LifeFormulae Blog » Posts for tag 'Standards'

Interpreting Standards No comments yet

I found an article in the December 2008 issue of Nature Methods to be of particular interest, not in the least that I personally know the authors.

The article, under CORRESPONDENCE on page 991, surveyed a series of papers  from the 2007 issues of 20 journals. The purpose was to refute the Nature Methods editorial of March 2008 which asserted that the deposition of supporting raw microarray datasets is “routine”.  Data cited in the article was compared to that currently available in public databases.  They found that the rate of deposition of datasets was less than 50%. Only half of the discovery data that was the basis of the articles was available to the public.

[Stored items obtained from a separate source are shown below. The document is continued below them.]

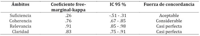 Validez de contenido. Se analizó mediante el coeficiente de Kappa multirater marginal-libre de Randolph (2005), calculado mediante la fórmula de variación de Gwet (2010), a través de una calculadora en línea de Kappa (Randolph, 2008). Los valores del coeficiente oscilan entre 0 y 1 y se interpretan según los siguientes rangos de fuerza de concordancia: (a) .00 = pobre, (b) .10 - .20 = leve, (c) .21 - .40 = aceptable, (d) .41 - .60 = moderada, (e) .61 - .80 = considerable, y (f) .81 - 1.0 = casi perfecta (Landis & Koch, 1977).
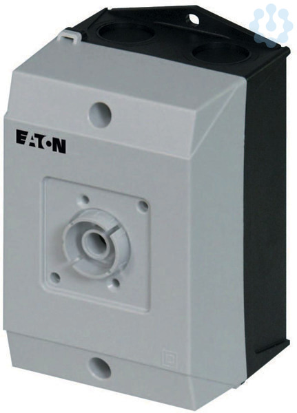 Kleingehäuse, Schutzart IP65, glasfaserverstärktes Polycarbonat, Gehäuseunterteil RAL 9005, schwarz/Gehäuseoberteil RAL 7035, hellgrau, Metrische Vorprägungen oben, unten, in der Rückwand, Leitungsdurchsteckmembran, 2 Schutzkappen zum Abdecken der Durchsteckmembran, Leuchtmelder L-. in Unterteilvorprägung M20/M25 einbaubar, für Schalter T0-../XZ, 1-2 Baueinheiten
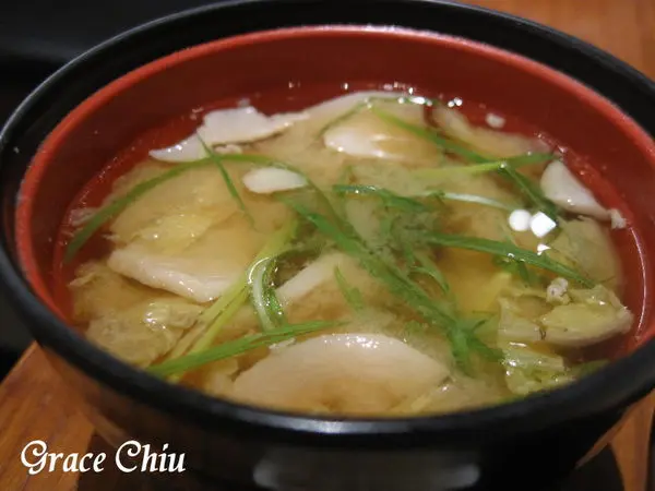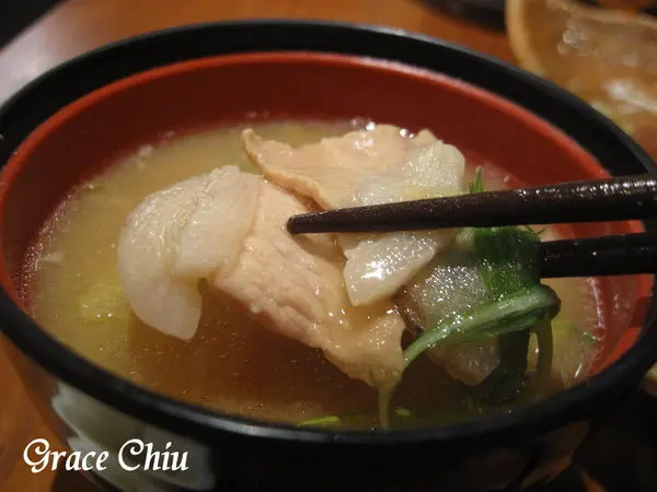 豬肉味噌湯,給料多多,其中有蔬菜.青蔥以及不少的豬肉片,湯在鹹味中帶著甜味.
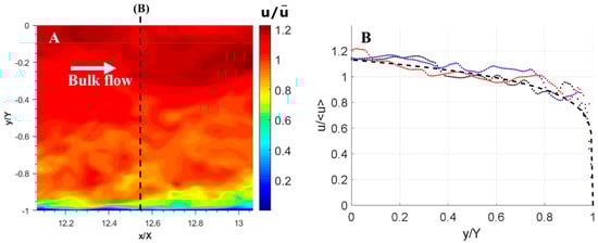 Illustration of the instantaneous flow in a channel with developed turbulence; (A) velocity magnitude of instantaneous stream-wise velocities in a subsection of the channel (wall at y = −1, y = 0 represents the center axis); (B) stream-wise velocity profiles in the channel, showing the instantaneous velocities at three randomly chosen points in time (black, red and blue dots) and the time-averaged velocity according to Prandtl’s 1/7th power law (dashed line).
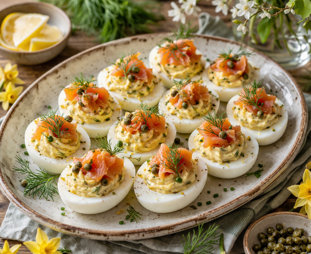 A Nordic-inspired twist on classic deviled eggs featuring silky smoked salmon, fresh dill, and lemon. Creamy, bright, and elegant, these are perfect for Easter brunch or any spring gathering.
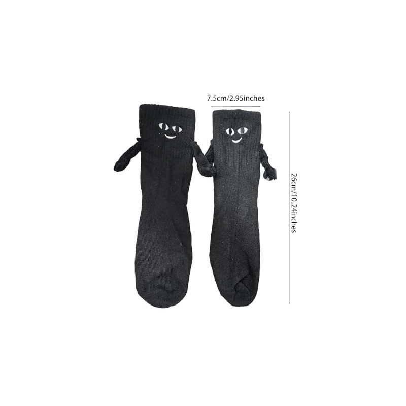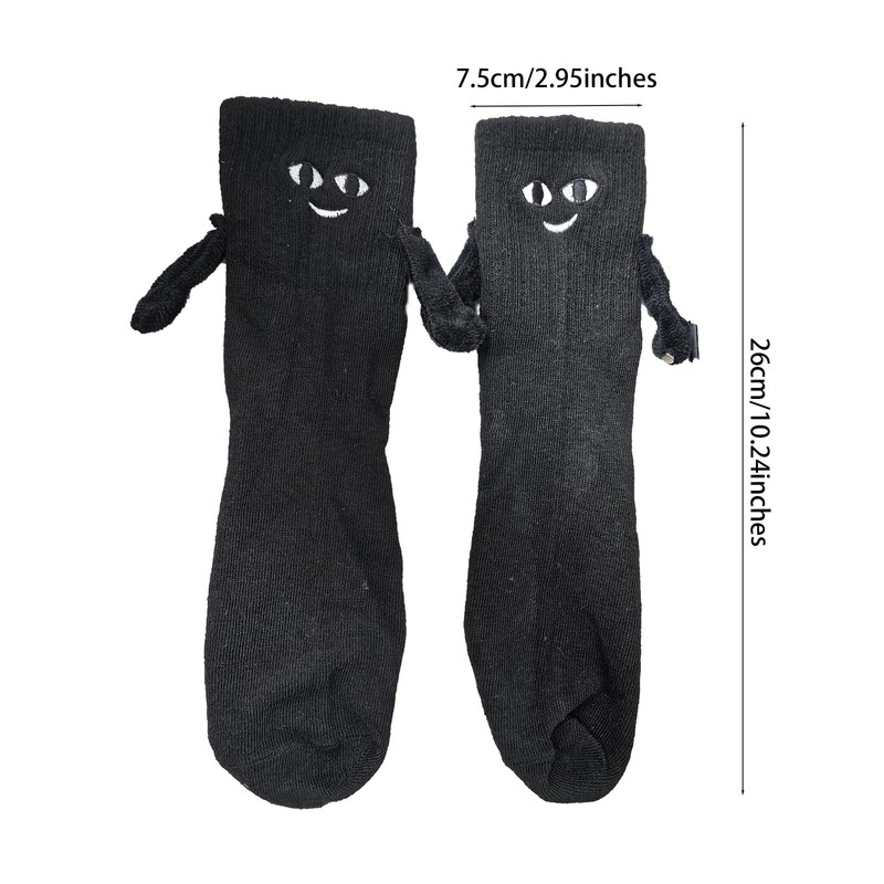 Add a delightful twist to your sock drawer with these charming magnetic holding hands mid-calf socks. Perfect for couples, these novelty socks feature an endearing design that creates the illusion of holding hands when worn side by side. The built-in magnets cleverly connect the socks together, making them a playful and romantic choice for special occasions like Valentine's Day, anniversaries, or birthdays. These mid-calf length socks offer both style and comfort, suitable for both men and women. The fun, conversation-starting design makes them an ideal gift that's sure to bring smiles. Whether worn as a matching set with your special someone or given as a heartwarming present, these magnetic socks add a touch of whimsy to any outfit. Please note that the magnets are securely integrated into the design for lasting functionality.

They further cited that the fault of the MIAME (Minimum Information about a Microarray Experiment) standard. They assert that “owing to their highly contextual nature, have a more complex metadata structure than sequence data.”

The MIAME standard was forged by the MGED (Microarray and Gene Expression Data) and published in Nature Genetics, 29, 365-371 (2001).  The MGED also house the the Microarray and Expression (MAGE) Object Model which defines the entire environment of the experiment (e.g. organism, array design, etc.). MIAME is the standard and MAGE adheres to the MIAME standard and suggests formats for representation and submission of microarray data.

The premier microarray data repository is ArrayExpress located at http://www.ebi.ac.uk/microarray-as/ae/.

ArrayExpress is a public repository for transcriptomics data, which is aimed at storing  and MINSEQE for high-throughput data (http://www.mged.org/minseqe/) - is compliant data in accordance with MGED (http://www.mged.org/recommendations). The ArrayExpress Warehouse stores gene-indexed expression profiles from a curated subset of experiments in the repository.

Other sites are GEO (Gene Expression Omnibus - http://www.ncbi.nlm.nih.gov/geo/) and CIBIX (Center for Information Biology gene Expression database - http://cibex.nig.ac.jp/index.jsp).

MIAMExpress (a MIAME compliant microarray data submission tool) is currently available at http://sourceforge.net/projects/miamexpress/ and is the submission tool for microarray experiments. It is downloaded to your local system and must be made executable (compiled) on your system in order to use it.  A local of the MySQL database is required as well as the Perl programming language. 

The MIAME/MAGE meta-data model is described in UML (Universal Modelling Language).
They suggest mark-up languages for data submissions. They provide MAGE-ML which is XML dtd.  In addition, there is a tabular format (MAGE-TAB) that has just been announced. It is a spreadsheet-like tabular format.

This data model is difficult to interpret. Fitting your data to this model can be a real trick.  I know, I’ve tried. And I’ve got years of work with formal data specifications behind me.  For the average lab tech it is almost impossible to interpret.  A bioinformatics programmer with exposure to MS Word and MS Excel (which I have read are the two most important requirements to succeed in bioinformatics (!)) would be in the same boat. 

I have nothing against models and standards.  Standards bring order to chaos — if they are simple enough to interpret and implement.

The article goes on to call for the interpretation of the microarray data in the GenBank format.

Just about every everybody in the biosciences field is familiar with this format.  Most important, they know how to submit data that will be interpreted as GenBank data.

GenBank data is stored internally at NCBI in ASN.1.  The ASN.1 format is extensively used in telecommunications and other areas.  After years of working with ASN.1 and especially NCBI ASN.1, I have to say that it is ideal for the storage of sequence and other data.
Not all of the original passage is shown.